▸ What the task requires
Stop after the line containing "At the ExpandedED": print each line exactly from the first line of the listing up to that point.

▸ Information provided

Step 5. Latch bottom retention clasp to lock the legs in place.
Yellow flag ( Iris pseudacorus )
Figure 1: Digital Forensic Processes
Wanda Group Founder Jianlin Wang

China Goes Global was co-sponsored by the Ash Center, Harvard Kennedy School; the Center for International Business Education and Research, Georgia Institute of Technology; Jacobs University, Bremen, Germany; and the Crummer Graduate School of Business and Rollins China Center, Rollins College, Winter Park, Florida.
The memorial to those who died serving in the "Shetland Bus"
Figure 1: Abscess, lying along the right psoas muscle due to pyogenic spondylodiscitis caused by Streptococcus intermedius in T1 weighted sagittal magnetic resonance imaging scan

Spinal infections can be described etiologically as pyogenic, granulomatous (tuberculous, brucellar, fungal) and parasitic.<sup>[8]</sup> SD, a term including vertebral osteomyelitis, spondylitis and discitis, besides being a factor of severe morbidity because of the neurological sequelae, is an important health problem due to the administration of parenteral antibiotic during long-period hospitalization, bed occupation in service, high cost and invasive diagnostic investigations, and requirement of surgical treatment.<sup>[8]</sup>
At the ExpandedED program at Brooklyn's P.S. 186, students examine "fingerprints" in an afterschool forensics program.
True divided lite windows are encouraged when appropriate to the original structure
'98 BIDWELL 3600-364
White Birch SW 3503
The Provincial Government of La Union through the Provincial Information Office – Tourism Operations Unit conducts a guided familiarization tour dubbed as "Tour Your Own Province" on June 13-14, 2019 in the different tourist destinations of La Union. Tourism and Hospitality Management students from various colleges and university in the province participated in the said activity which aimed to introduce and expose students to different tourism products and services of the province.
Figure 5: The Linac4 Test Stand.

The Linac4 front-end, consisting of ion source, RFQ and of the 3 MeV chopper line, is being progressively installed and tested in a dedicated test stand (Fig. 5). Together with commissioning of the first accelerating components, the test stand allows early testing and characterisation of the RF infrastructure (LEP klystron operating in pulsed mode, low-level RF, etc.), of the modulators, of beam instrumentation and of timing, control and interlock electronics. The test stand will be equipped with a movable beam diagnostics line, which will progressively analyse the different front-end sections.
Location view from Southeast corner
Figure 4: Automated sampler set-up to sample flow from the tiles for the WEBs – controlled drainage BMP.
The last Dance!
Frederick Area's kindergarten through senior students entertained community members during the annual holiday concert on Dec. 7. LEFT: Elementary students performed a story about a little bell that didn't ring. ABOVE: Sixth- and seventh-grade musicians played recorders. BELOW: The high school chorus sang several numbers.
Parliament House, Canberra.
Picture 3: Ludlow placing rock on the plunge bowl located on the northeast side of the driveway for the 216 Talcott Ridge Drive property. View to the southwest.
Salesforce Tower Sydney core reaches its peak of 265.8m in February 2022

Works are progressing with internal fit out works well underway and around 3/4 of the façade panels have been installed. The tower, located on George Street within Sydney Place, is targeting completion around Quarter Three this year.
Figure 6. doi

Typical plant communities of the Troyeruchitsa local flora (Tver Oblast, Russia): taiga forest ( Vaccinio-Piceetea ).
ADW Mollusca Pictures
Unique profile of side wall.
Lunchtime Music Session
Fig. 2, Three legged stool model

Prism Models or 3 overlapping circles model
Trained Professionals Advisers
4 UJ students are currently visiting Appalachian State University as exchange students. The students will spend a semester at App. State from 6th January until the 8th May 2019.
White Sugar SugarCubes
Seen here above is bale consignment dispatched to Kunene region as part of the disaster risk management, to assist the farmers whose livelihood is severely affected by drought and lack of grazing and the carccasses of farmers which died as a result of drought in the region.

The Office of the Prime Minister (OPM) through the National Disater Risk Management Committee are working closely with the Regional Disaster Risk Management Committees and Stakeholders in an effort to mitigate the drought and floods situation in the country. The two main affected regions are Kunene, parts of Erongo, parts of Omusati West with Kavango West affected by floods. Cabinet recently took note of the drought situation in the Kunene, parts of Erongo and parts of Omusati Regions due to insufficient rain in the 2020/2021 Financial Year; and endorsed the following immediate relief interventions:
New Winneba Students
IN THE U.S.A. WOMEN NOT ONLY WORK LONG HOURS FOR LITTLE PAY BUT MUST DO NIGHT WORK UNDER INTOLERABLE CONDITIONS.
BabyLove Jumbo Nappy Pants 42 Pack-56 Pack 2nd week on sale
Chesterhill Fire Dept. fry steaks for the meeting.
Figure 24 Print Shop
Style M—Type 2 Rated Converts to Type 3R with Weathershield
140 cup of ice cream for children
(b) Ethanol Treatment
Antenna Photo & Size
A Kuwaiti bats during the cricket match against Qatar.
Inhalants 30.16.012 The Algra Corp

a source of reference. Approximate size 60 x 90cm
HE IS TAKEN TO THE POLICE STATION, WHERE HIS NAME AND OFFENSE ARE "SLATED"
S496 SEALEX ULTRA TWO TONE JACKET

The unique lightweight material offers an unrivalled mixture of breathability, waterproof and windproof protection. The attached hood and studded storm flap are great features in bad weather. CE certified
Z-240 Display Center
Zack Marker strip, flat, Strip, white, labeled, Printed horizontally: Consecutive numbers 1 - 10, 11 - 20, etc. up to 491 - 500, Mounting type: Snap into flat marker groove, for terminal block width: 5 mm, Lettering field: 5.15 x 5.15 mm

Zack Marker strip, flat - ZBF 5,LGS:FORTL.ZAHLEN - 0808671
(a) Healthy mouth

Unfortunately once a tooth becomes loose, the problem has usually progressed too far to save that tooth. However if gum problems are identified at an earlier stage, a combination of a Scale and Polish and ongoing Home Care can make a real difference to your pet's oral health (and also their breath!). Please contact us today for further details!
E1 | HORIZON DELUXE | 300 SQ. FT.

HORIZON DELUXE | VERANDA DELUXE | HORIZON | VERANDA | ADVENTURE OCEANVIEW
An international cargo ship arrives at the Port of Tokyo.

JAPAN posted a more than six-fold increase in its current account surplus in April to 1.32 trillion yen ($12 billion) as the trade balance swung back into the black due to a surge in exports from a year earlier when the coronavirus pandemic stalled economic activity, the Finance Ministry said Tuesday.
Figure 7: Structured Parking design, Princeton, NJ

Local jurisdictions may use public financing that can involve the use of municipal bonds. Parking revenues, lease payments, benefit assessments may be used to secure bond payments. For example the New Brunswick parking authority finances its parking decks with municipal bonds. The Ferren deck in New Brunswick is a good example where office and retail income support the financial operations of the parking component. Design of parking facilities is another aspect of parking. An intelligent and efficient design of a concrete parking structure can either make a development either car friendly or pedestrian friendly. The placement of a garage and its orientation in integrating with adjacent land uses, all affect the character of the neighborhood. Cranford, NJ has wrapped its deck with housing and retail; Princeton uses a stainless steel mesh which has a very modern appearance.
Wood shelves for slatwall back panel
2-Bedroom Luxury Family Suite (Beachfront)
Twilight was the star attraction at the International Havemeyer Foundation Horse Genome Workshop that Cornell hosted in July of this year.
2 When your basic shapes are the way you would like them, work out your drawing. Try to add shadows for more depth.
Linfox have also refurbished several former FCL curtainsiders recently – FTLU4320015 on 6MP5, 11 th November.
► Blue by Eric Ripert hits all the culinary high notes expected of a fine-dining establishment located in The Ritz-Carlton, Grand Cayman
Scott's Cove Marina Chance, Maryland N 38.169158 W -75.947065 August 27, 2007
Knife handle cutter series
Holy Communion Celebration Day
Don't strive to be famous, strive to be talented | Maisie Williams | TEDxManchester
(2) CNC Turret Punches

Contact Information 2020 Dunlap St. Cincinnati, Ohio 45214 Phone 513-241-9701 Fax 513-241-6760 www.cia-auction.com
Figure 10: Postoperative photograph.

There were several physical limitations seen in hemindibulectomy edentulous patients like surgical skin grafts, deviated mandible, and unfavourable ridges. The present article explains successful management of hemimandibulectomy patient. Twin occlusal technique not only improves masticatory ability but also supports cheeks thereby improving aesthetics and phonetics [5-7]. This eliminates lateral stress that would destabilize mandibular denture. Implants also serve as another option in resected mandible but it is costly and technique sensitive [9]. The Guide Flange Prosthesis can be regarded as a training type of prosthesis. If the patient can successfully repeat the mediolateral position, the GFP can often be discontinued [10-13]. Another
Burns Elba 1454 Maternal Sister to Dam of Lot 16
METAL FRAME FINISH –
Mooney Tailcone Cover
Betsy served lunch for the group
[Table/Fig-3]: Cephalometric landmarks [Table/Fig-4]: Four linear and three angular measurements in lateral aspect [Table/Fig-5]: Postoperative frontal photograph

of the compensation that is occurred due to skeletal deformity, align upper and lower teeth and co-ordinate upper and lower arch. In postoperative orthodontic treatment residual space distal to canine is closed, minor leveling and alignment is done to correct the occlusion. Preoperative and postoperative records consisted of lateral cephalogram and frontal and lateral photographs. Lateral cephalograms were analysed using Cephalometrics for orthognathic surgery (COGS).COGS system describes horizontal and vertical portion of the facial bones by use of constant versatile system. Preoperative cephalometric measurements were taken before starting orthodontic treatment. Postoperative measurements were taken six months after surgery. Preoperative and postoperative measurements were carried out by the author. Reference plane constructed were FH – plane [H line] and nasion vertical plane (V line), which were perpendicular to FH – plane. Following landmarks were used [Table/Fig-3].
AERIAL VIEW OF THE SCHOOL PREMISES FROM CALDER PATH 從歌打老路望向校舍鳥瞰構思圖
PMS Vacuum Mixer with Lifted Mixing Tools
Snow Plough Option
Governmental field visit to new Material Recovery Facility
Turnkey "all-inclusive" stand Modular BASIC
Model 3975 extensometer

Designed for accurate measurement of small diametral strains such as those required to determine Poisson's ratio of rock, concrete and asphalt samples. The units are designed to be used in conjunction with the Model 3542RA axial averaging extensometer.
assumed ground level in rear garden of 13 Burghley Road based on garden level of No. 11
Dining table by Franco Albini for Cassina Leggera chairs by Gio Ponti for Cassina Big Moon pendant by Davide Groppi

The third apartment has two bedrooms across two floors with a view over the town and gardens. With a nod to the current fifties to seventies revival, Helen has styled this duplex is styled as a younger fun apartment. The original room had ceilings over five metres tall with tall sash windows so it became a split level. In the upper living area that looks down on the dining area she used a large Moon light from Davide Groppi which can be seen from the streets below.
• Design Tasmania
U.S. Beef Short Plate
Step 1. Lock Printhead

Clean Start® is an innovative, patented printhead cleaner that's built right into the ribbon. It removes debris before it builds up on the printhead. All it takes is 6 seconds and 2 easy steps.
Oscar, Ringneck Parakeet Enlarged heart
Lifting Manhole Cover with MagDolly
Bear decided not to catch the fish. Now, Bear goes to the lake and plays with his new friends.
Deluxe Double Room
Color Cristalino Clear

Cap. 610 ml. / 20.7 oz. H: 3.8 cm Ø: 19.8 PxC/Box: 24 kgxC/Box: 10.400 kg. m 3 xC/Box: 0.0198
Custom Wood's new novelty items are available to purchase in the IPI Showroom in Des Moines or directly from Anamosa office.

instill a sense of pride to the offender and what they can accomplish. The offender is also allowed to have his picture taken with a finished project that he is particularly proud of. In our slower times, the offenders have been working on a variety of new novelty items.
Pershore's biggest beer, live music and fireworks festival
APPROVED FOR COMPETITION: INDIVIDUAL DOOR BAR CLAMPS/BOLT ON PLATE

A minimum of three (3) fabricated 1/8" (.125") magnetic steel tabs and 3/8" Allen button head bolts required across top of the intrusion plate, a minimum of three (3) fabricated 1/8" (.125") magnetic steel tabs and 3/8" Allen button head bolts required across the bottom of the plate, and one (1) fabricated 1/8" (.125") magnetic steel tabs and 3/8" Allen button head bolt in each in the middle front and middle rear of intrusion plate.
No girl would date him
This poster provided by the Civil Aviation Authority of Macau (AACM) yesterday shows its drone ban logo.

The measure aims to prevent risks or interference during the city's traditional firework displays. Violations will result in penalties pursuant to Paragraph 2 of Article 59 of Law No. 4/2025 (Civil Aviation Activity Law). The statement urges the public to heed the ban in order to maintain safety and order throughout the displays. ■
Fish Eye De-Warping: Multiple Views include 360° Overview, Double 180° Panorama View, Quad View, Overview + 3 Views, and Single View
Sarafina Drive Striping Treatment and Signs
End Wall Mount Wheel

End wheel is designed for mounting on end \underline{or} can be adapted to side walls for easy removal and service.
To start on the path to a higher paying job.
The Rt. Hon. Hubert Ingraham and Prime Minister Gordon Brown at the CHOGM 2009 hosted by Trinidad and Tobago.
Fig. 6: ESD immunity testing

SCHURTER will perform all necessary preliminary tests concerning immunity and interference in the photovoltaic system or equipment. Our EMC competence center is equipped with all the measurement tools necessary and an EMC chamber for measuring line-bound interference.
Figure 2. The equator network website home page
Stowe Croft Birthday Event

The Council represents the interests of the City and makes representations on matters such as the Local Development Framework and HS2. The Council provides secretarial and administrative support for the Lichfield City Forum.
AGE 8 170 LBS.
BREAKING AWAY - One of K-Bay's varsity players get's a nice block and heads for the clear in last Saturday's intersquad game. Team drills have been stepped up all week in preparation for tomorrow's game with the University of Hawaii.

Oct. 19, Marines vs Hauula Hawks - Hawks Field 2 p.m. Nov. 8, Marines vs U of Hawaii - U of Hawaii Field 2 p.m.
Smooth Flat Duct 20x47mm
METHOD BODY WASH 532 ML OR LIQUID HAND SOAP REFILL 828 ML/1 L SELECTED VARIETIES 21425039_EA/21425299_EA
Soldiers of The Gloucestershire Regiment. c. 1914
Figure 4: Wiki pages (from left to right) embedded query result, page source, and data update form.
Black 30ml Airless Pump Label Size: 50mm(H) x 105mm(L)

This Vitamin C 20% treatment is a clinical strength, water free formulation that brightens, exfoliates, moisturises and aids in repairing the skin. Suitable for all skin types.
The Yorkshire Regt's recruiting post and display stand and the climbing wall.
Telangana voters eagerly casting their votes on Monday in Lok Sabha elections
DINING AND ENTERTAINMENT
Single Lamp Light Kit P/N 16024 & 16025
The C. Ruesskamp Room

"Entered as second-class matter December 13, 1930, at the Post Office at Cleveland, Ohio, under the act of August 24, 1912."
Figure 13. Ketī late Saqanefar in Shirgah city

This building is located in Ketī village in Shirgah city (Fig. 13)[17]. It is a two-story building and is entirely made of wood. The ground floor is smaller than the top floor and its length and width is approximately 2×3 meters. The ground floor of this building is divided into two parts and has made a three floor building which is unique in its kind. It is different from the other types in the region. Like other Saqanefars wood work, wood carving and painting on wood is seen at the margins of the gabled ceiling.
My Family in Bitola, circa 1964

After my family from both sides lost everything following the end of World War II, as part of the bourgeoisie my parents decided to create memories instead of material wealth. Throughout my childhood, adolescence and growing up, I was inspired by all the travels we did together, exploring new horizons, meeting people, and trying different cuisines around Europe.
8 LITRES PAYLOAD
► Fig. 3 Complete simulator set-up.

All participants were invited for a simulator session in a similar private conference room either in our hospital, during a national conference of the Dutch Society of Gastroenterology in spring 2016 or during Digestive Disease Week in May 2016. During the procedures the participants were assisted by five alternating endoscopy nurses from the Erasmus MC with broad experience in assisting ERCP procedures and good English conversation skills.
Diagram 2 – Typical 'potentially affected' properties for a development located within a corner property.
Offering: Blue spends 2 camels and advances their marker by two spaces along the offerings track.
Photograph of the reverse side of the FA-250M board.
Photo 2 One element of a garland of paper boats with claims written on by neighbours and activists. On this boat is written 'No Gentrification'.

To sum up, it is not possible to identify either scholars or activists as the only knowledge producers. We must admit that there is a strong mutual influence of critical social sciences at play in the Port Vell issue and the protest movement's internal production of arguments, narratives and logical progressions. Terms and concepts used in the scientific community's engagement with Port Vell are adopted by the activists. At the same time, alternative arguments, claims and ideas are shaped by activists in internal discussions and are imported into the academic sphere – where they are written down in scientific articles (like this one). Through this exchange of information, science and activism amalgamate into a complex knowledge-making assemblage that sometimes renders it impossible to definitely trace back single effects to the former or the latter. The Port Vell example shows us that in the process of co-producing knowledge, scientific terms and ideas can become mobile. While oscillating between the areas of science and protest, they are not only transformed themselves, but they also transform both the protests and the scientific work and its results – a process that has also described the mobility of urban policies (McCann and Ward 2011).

▸ Your response
Step 5. Latch bottom retention clasp to lock the legs in place.
Yellow flag ( Iris pseudacorus )
Figure 1: Digital Forensic Processes
Wanda Group Founder Jianlin Wang

China Goes Global was co-sponsored by the Ash Center, Harvard Kennedy School; the Center for International Business Education and Research, Georgia Institute of Technology; Jacobs University, Bremen, Germany; and the Crummer Graduate School of Business and Rollins China Center, Rollins College, Winter Park, Florida.
The memorial to those who died serving in the "Shetland Bus"
Figure 1: Abscess, lying along the right psoas muscle due to pyogenic spondylodiscitis caused by Streptococcus intermedius in T1 weighted sagittal magnetic resonance imaging scan

Spinal infections can be described etiologically as pyogenic, granulomatous (tuberculous, brucellar, fungal) and parasitic.<sup>[8]</sup> SD, a term including vertebral osteomyelitis, spondylitis and discitis, besides being a factor of severe morbidity because of the neurological sequelae, is an important health problem due to the administration of parenteral antibiotic during long-period hospitalization, bed occupation in service, high cost and invasive diagnostic investigations, and requirement of surgical treatment.<sup>[8]</sup>
At the ExpandedED program at Brooklyn's P.S. 186, students examine "fingerprints" in an afterschool forensics program.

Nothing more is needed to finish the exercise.